On Monday, Avenatti himself tweeted that he would be holding a press conference this week uncovering a “basketball scandal” involving Nike. The athletic wear company has been accused of paying college basketball recruits with the goal of directing them to specific schools on multiple occasions, possibly what Avenatti was hinting at.

[From Vox]

Much like Operation Varsity Blues, there’s an undercurrent to the story, an adjacent unspoken conversation we’re still not having, which is this: the NCAA is a multi-billion dollar enterprise built on slave labor. It would not surprise me at all if Nike is giving and receiving kickbacks. As soon as the NCAA allowed sportswear companies to come in and pay for the privilege of outfitting college athletes, of course those sportswear companies become complicit in the larger fundamental problem: these college athletes are slaves.

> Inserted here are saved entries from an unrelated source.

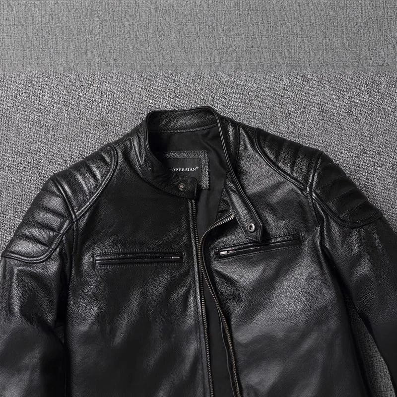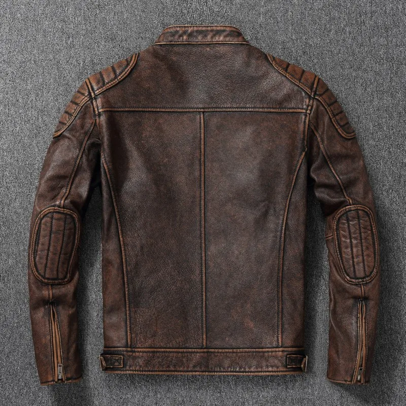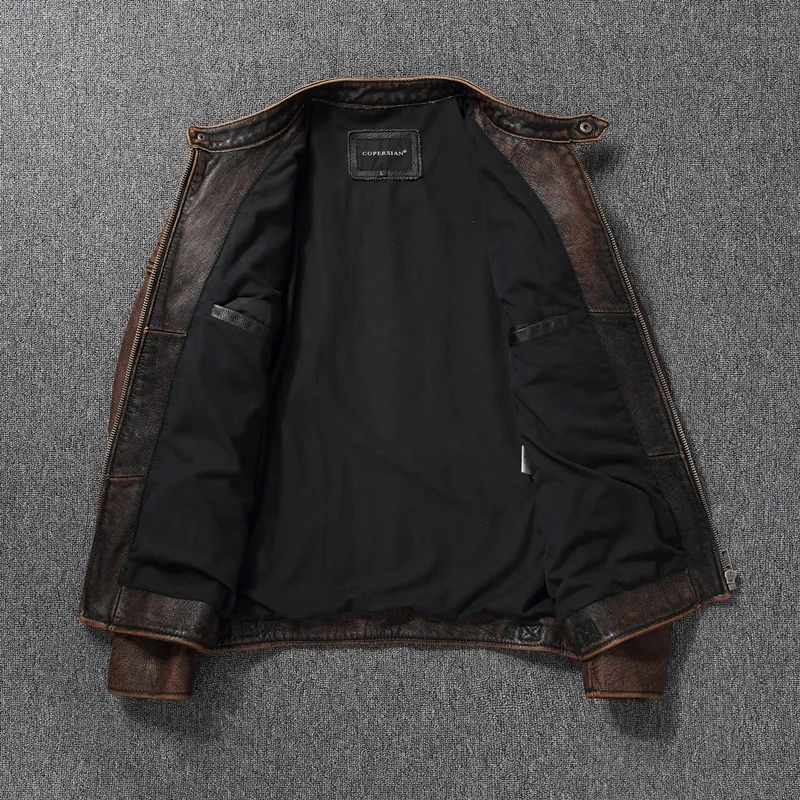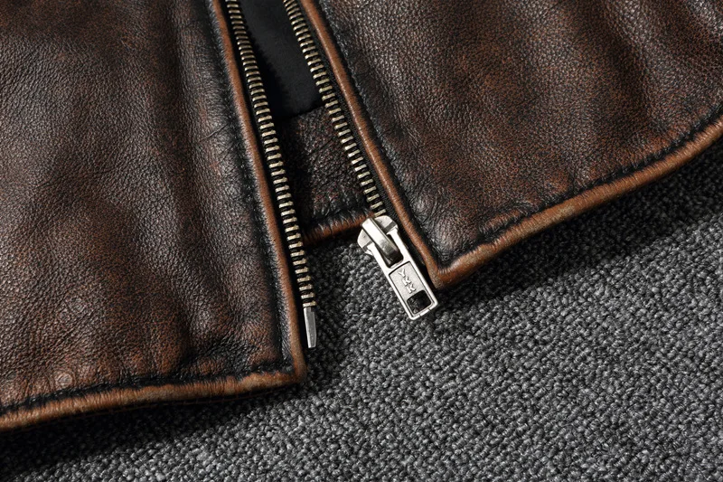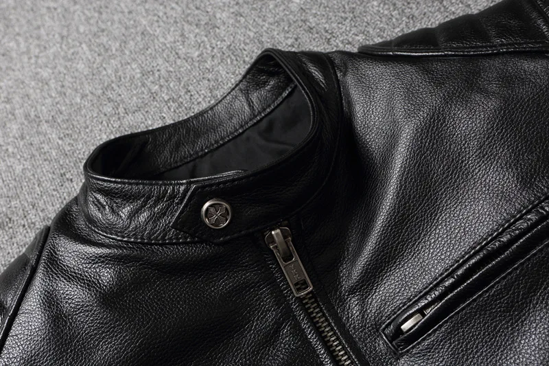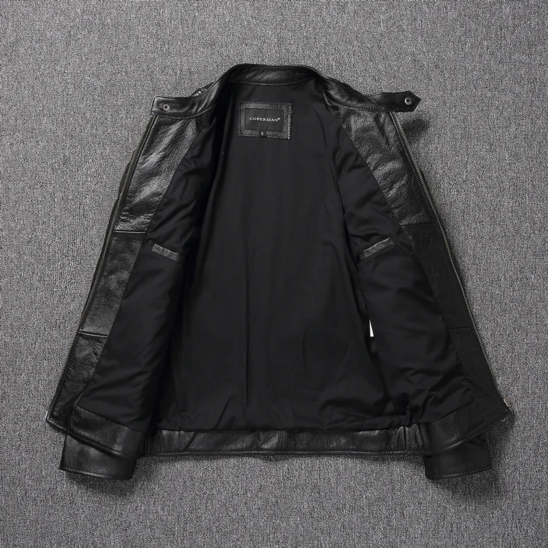 Motorcycle Riding First Layer Cowhide Leather Jacket Men’s Stand-up Collar Youth Spring Autumn Large Size Jackets
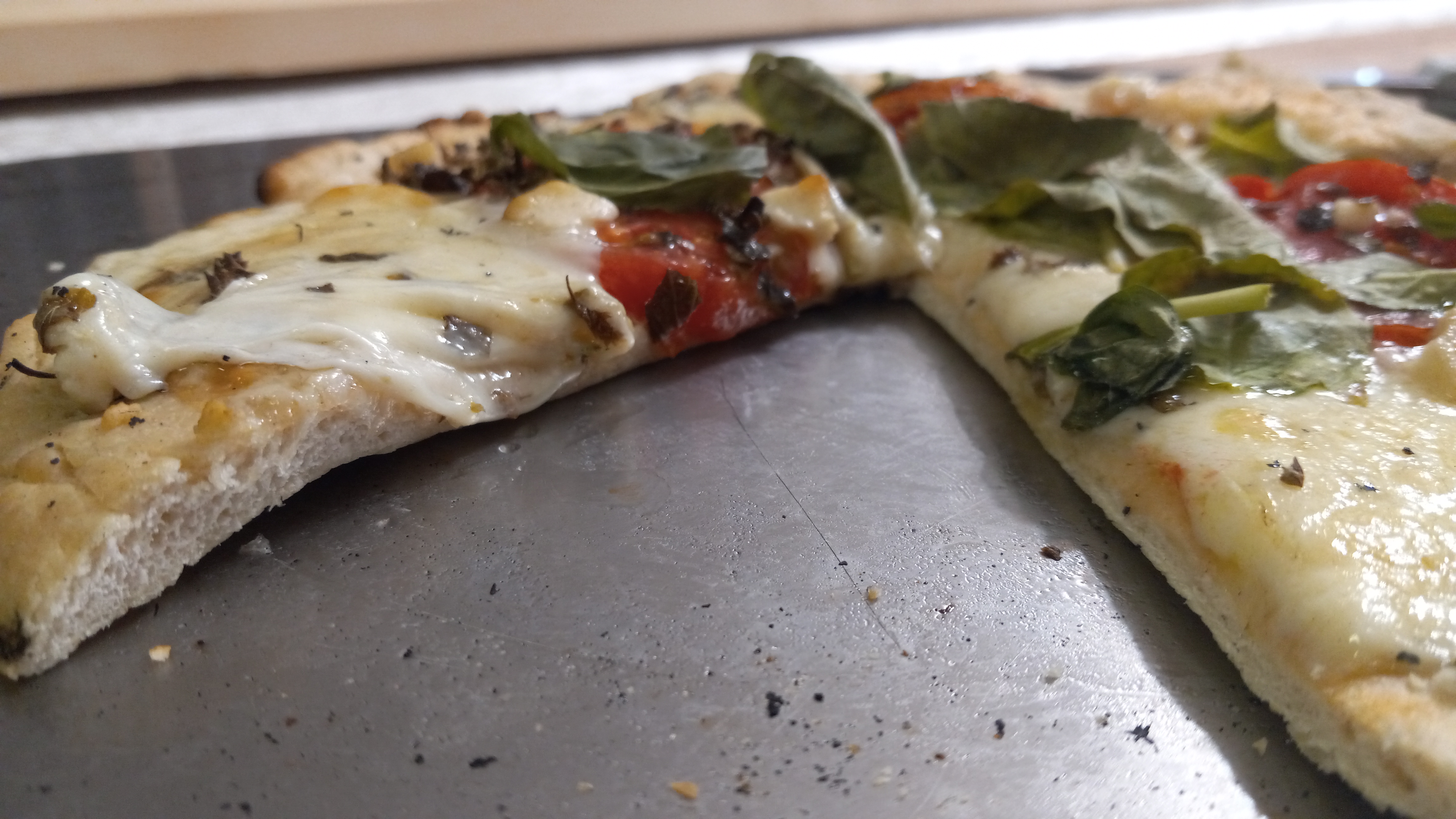 The ingredients list below is for 1 large pizza, but I usually double the amount so I can keep the remaining half of the dough in the fridge over night for a second large pizza for lunch.
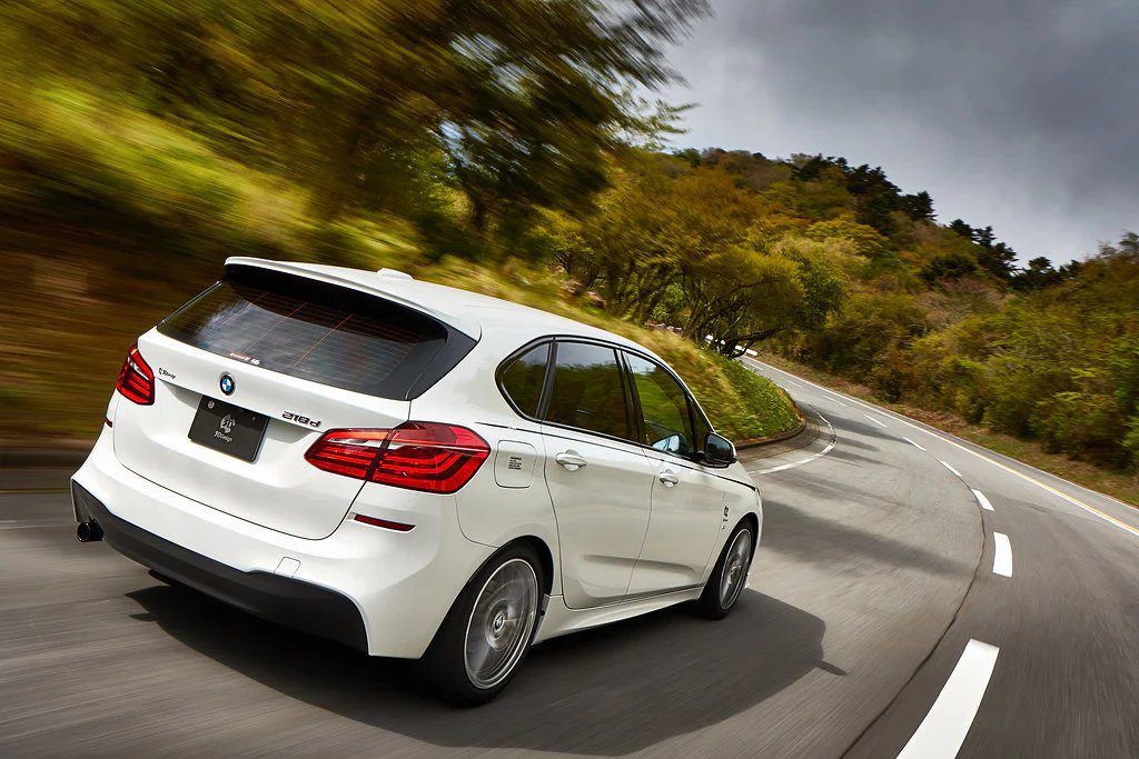 The 3DDesign Roof Spoiler for the F45 BMW 2 Series Active Tourer enhances aerodynamics and style with a sleek urethane design, seamless factory fit, and subtle sporty look that elevates the vehicle’s overall presence.
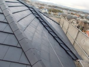 屋根材を自然環境から守るため、上塗り剤を塗り保護します。
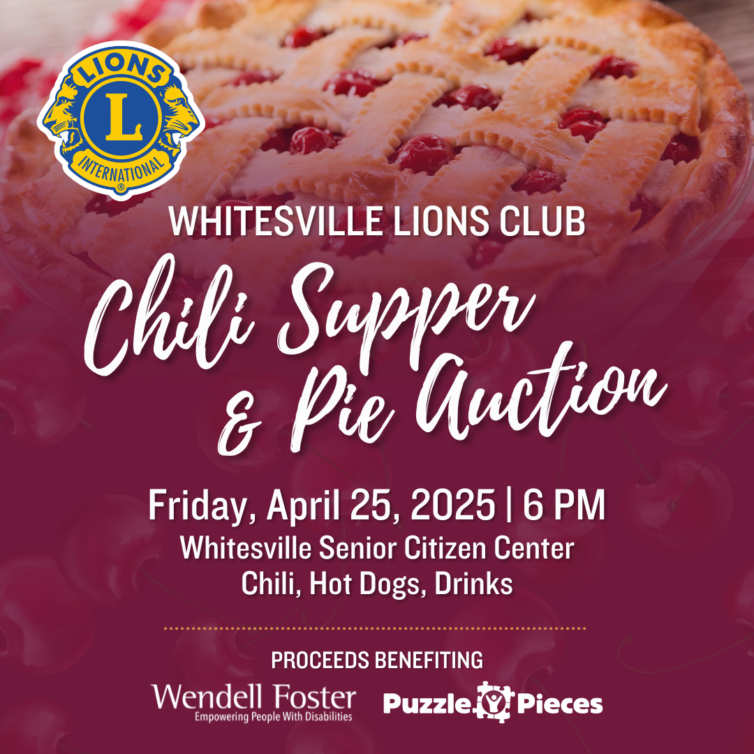 The Whitesville Lions Club Chili Supper & Pie Auction is just a few weeks away! Join us on April 25th at the Whitesville Senior Citizen Center, where the chili is hot, the pies are sweet, and the bidding is fierce! Chili, hot dogs, and drinks will be served at 5 pm, with the Pie Auction starting at 6 pm. If you are interested in donating a pie or other desserts, baked goods can be dropped off at the Senior Citizen Center before 4 pm on the day of the Pie Auction. We hope you'll come hungry and ready to raise some dough π₯§ for Wendell Foster and Puzzle Pieces!
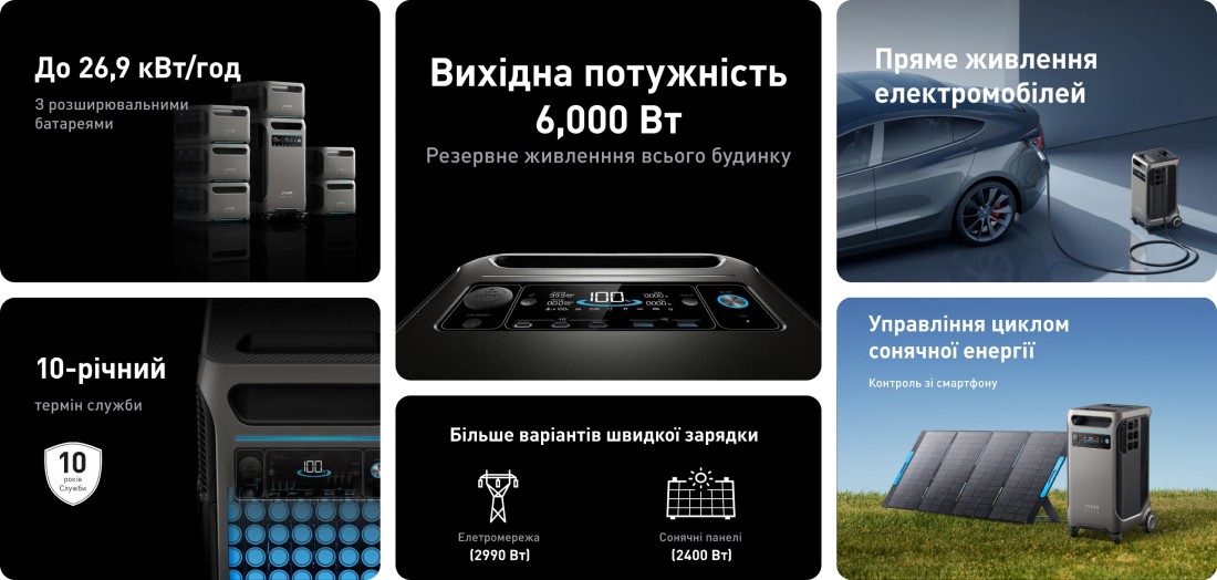 За допомогою Anker SOLIX F3800 ви можете легко заряджати електромобілі, адже він має EV порт (2990 Вт).
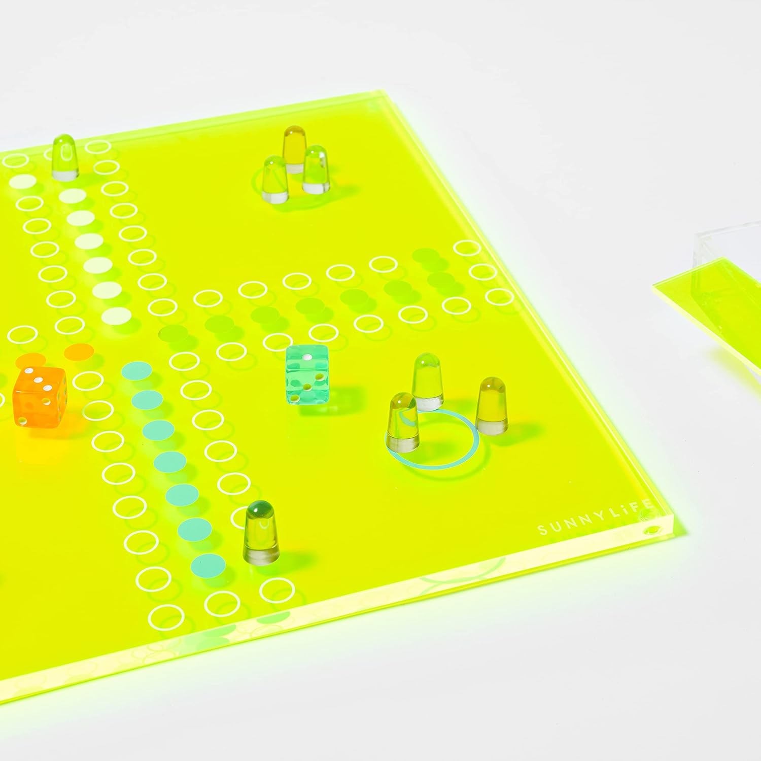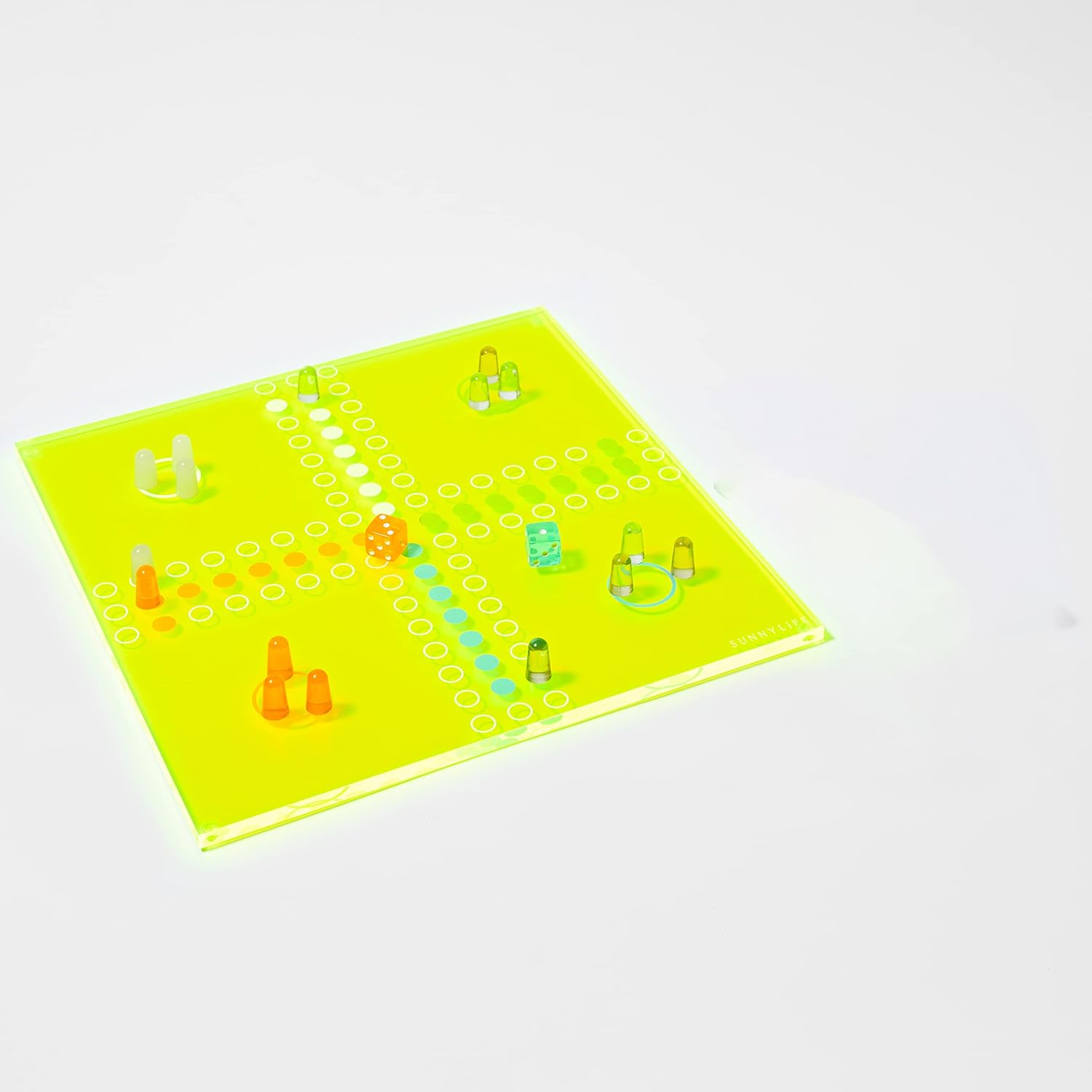 La nostra edizione limitata e la lussuosa gamma di giochi Lucite nella nuova scintillante combinazione di colori al neon si ispira alla calda luce solare che attraversa il cielo in una calda giornata estiva. Illumina istantaneamente la tua casa con un lampo di neon e mantieni il gioco in mostra per attirare i tuoi concorrenti. Un caleidoscopio di impattanti toni al neon ha immediatamente ridisegnato questo classico gioco nella stratosfera reattiva retrò. Inizia un atteggiamento disco-boogie con un movimento del polso. Ditali luminosi al mandarino, celeste, lime e limone faranno muovere le dita in un istante.

As for the charges against Avenatti… eh, they’re probably true. Dude had been playing with fire for so long, it was bound to happen. I haven’t checked, but I’m assuming the Deplorables are trying to gloat about this. Little do they know that most of us stopped caring about Avenatti a while ago. Also: Avenatti’s co-conspirator is apparently Mark Geragos, the famous “lawyer to the stars.” Geragos represents people like Chris Brown and Jussie Smollett. Sigh…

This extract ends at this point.